Обвожу взглядом трибуны, приветствую зрителей поднятой вверх правой рукой. Почему-то моё внимание привлекает сидящий по центру пожилой, но выглядевший подтянутым мужчина в гражданском, при этом с внушительной колодкой наград. Лицо показалось мне смутно знакомым. Где я его мог видеть? Наверное, какой-нибудь чиновник из Госкомспорта.

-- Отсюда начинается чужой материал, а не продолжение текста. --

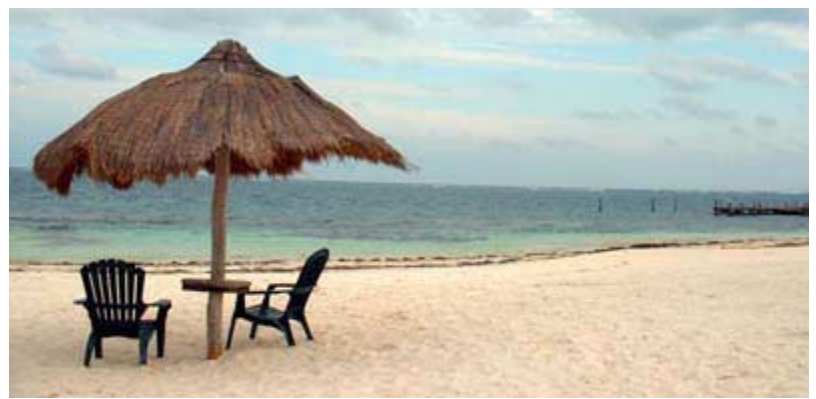
Beach Reads News from Alma Libre Bookstore - Puerto Morelos, Mexico Issue #4 - April 2003

Click here to go to our website: www.almalibrebooks.com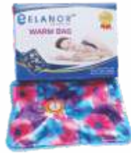
Warm Bag Plain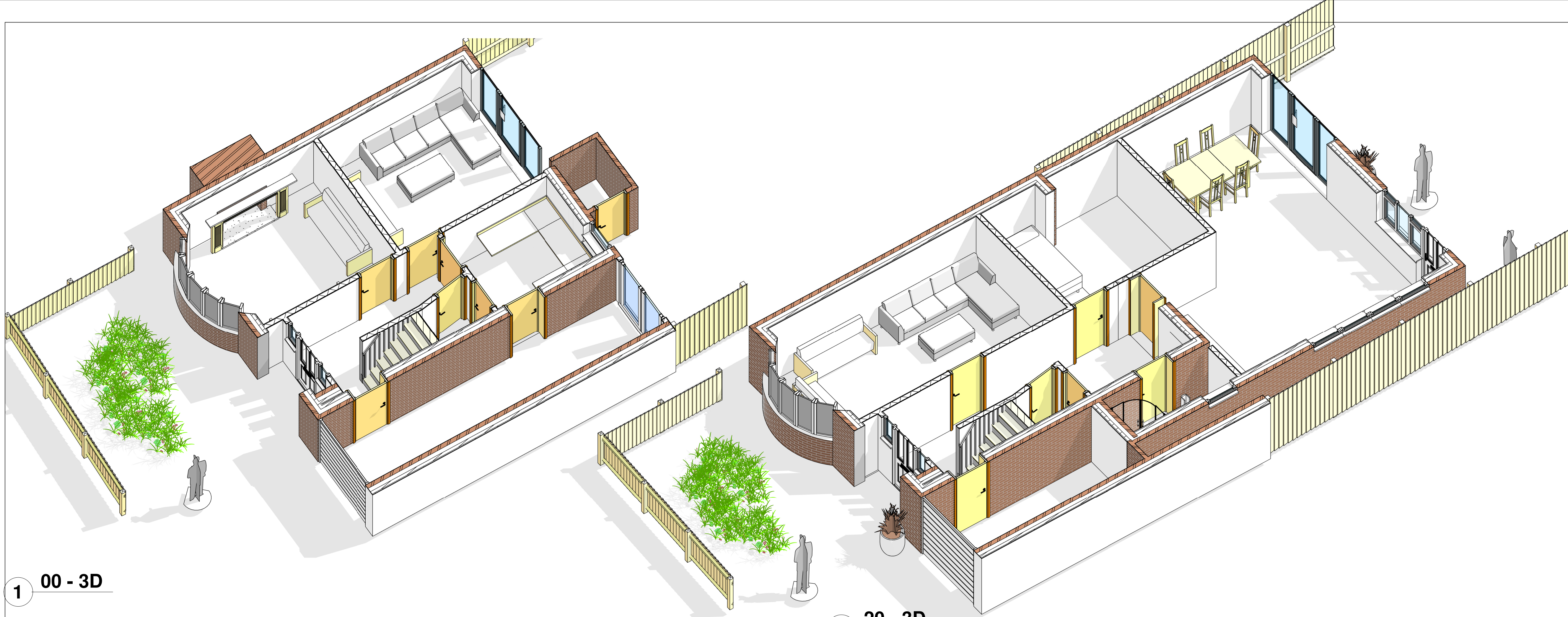
1 00 - 3D

— Боксёры, в центр. Пожали перчатки.

Выслушиваем от рефери давно уже известные наставления, чего нельзя делать в бою. Ниже пояса не бьём, открытой перчаткой не бьём… Это и так понятно. Другое дело, что в горячке боя какие только удары не прилетают, и не все рефери успевает замечать. Той же открытой перчаткой мазнул по физиономии — вот тебе и рассечение. А видеоповторов в это время нет, хоть вон финалы и снимает телевизионная группа. Но трансляция будет идти в записи после программы «Время».

Следующая команда: «Бокс!», и с тут же бросаюсь в атаку. Поставлена задача — ошеломить соперника с первых секунд, и я начинаю претворять её, не откладывая в долгий ящик.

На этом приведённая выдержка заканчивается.